DIRECTIONS FOR THIS TASK → Would you write out the listing verbatim and skip every picture in it?

RECORDED DATA →
·····

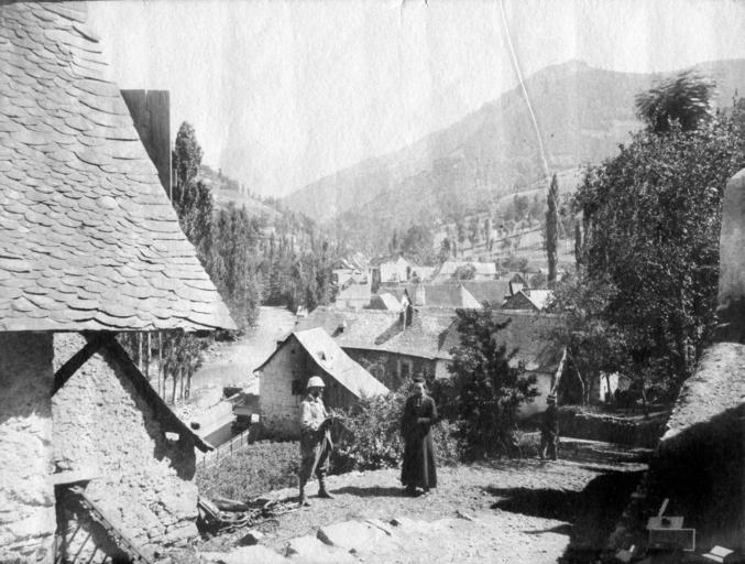 Keywords: blackandwhite monochrome black and white Fonds Trutat - Photographie ancienne Cote : TRU B 208 Localisation : Fonds ancien (S 30) Original non communicable Titre : Regnault et l'abbé Cau Durban, Bordes-sur-Lez, 18 juillet 1882 Auteur : Trutat, Eugène Rôle de l’auteur : Photographe Lieu de création : Bordes-sur-Lez (Ariège) Date de création : 1882 Mesures : : 18 x 13 cm Observations : Notes manuscrites Trutat : "Obj[ectif] hémisph[érique] rapide ; papier Morgan ; B 208". Mot(s)-clé(s) : -- Montagne -- Vallée -- Village -- Maison -- Pierre -- Toit -- Ardoise -- Rue -- Terre -- Homme -- Costume masculin -- Abbé -- Costume religieux -- Soutane -- Chapeau -- Rivière -- Arbre -- Feuillu -- Peuplier -- Versant -- Champ -- Bocage -- Sommet (montagne) -- Cau-Durban, François-David Abbé -- Regnault, Félix -- Castillon-en-Couserans (Ariège ; canton) -- Bordes-sur-Lez (Ariège) -- Couserans (Ariège) -- Biros, Vallée du -- Pyrénées (France) -- 19e siècle, 4e quart Médium : Photographies -- Négatifs sur papier -- Noir et blanc -- Morgan -- Paysages -- Portraits Voir : TRU B 209 Regnault et l'abbé Cau Durban, Bordes-sur-Lez, 18 numerique.bibliotheque.toulouse.fr/cgi-bin/library?c=phot... Bibliothèque de Toulouse. Domaine public Fonds Trutat - Photographie ancienne Cote : TRU B 208 Localisation : Fonds ancien (S 30) Original non communicable Titre : Regnault et l'abbé Cau Durban, Bordes-sur-Lez, 18 juillet 1882 Auteur : Trutat, Eugène Rôle de l’auteur : Photographe Lieu de création : Bordes-sur-Lez (Ariège) Date de création : 1882 Mesures : : 18 x 13 cm Observations : Notes manuscrites Trutat : "Obj[ectif] hémisph[érique] rapide ; papier Morgan ; B 208". Mot(s)-clé(s) : -- Montagne -- Vallée -- Village -- Maison -- Pierre -- Toit -- Ardoise -- Rue -- Terre -- Homme -- Costume masculin -- Abbé -- Costume religieux -- Soutane -- Chapeau -- Rivière -- Arbre -- Feuillu -- Peuplier -- Versant -- Champ -- Bocage -- Sommet (montagne) -- Cau-Durban, François-David Abbé -- Regnault, Félix -- Castillon-en-Couserans (Ariège ; canton) -- Bordes-sur-Lez (Ariège) -- Couserans (Ariège) -- Biros, Vallée du -- Pyrénées (France) -- 19e siècle, 4e quart Médium : Photographies -- Négatifs sur papier -- Noir et blanc -- Morgan -- Paysages -- Portraits Voir : TRU B 209 Regnault et l'abbé Cau Durban, Bordes-sur-Lez, 18 numerique.bibliotheque.toulouse.fr/cgi-bin/library?c=phot... Bibliothèque de Toulouse. Domaine public |
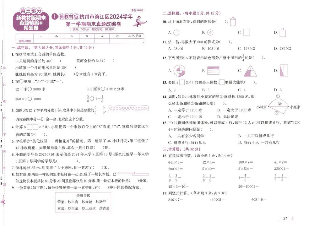新教材人教版三年级上册数学全国省市各地期末真题试卷五十一video
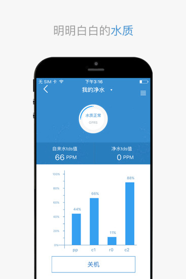 【水质监测】:采用先进传感技术,实时监测水质TDS值、PH值等关键指标,并以直观图表形式展示水质变化趋势,让您对饮水质量了如指掌。当水质出现异常时,APP会立即发出提醒,确保您的饮水安全无忧。

·····

RESPONSE FOR THIS EXERCISE →
 Keywords: blackandwhite monochrome black and white Fonds Trutat - Photographie ancienne Cote : TRU B 208 Localisation : Fonds ancien (S 30) Original non communicable Titre : Regnault et l'abbé Cau Durban, Bordes-sur-Lez, 18 juillet 1882 Auteur : Trutat, Eugène Rôle de l’auteur : Photographe Lieu de création : Bordes-sur-Lez (Ariège) Date de création : 1882 Mesures : : 18 x 13 cm Observations : Notes manuscrites Trutat : "Obj[ectif] hémisph[érique] rapide ; papier Morgan ; B 208". Mot(s)-clé(s) : -- Montagne -- Vallée -- Village -- Maison -- Pierre -- Toit -- Ardoise -- Rue -- Terre -- Homme -- Costume masculin -- Abbé -- Costume religieux -- Soutane -- Chapeau -- Rivière -- Arbre -- Feuillu -- Peuplier -- Versant -- Champ -- Bocage -- Sommet (montagne) -- Cau-Durban, François-David Abbé -- Regnault, Félix -- Castillon-en-Couserans (Ariège ; canton) -- Bordes-sur-Lez (Ariège) -- Couserans (Ariège) -- Biros, Vallée du -- Pyrénées (France) -- 19e siècle, 4e quart Médium : Photographies -- Négatifs sur papier -- Noir et blanc -- Morgan -- Paysages -- Portraits Voir : TRU B 209 Regnault et l'abbé Cau Durban, Bordes-sur-Lez, 18 numerique.bibliotheque.toulouse.fr/cgi-bin/library?c=phot... Bibliothèque de Toulouse. Domaine public Fonds Trutat - Photographie ancienne Cote : TRU B 208 Localisation : Fonds ancien (S 30) Original non communicable Titre : Regnault et l'abbé Cau Durban, Bordes-sur-Lez, 18 juillet 1882 Auteur : Trutat, Eugène Rôle de l’auteur : Photographe Lieu de création : Bordes-sur-Lez (Ariège) Date de création : 1882 Mesures : : 18 x 13 cm Observations : Notes manuscrites Trutat : "Obj[ectif] hémisph[érique] rapide ; papier Morgan ; B 208". Mot(s)-clé(s) : -- Montagne -- Vallée -- Village -- Maison -- Pierre -- Toit -- Ardoise -- Rue -- Terre -- Homme -- Costume masculin -- Abbé -- Costume religieux -- Soutane -- Chapeau -- Rivière -- Arbre -- Feuillu -- Peuplier -- Versant -- Champ -- Bocage -- Sommet (montagne) -- Cau-Durban, François-David Abbé -- Regnault, Félix -- Castillon-en-Couserans (Ariège ; canton) -- Bordes-sur-Lez (Ariège) -- Couserans (Ariège) -- Biros, Vallée du -- Pyrénées (France) -- 19e siècle, 4e quart Médium : Photographies -- Négatifs sur papier -- Noir et blanc -- Morgan -- Paysages -- Portraits Voir : TRU B 209 Regnault et l'abbé Cau Durban, Bordes-sur-Lez, 18 numerique.bibliotheque.toulouse.fr/cgi-bin/library?c=phot... Bibliothèque de Toulouse. Domaine public |
新教材人教版三年级上册数学全国省市各地期末真题试卷五十一video
 【水质监测】:采用先进传感技术,实时监测水质TDS值、PH值等关键指标,并以直观图表形式展示水质变化趋势,让您对饮水质量了如指掌。当水质出现异常时,APP会立即发出提醒,确保您的饮水安全无忧。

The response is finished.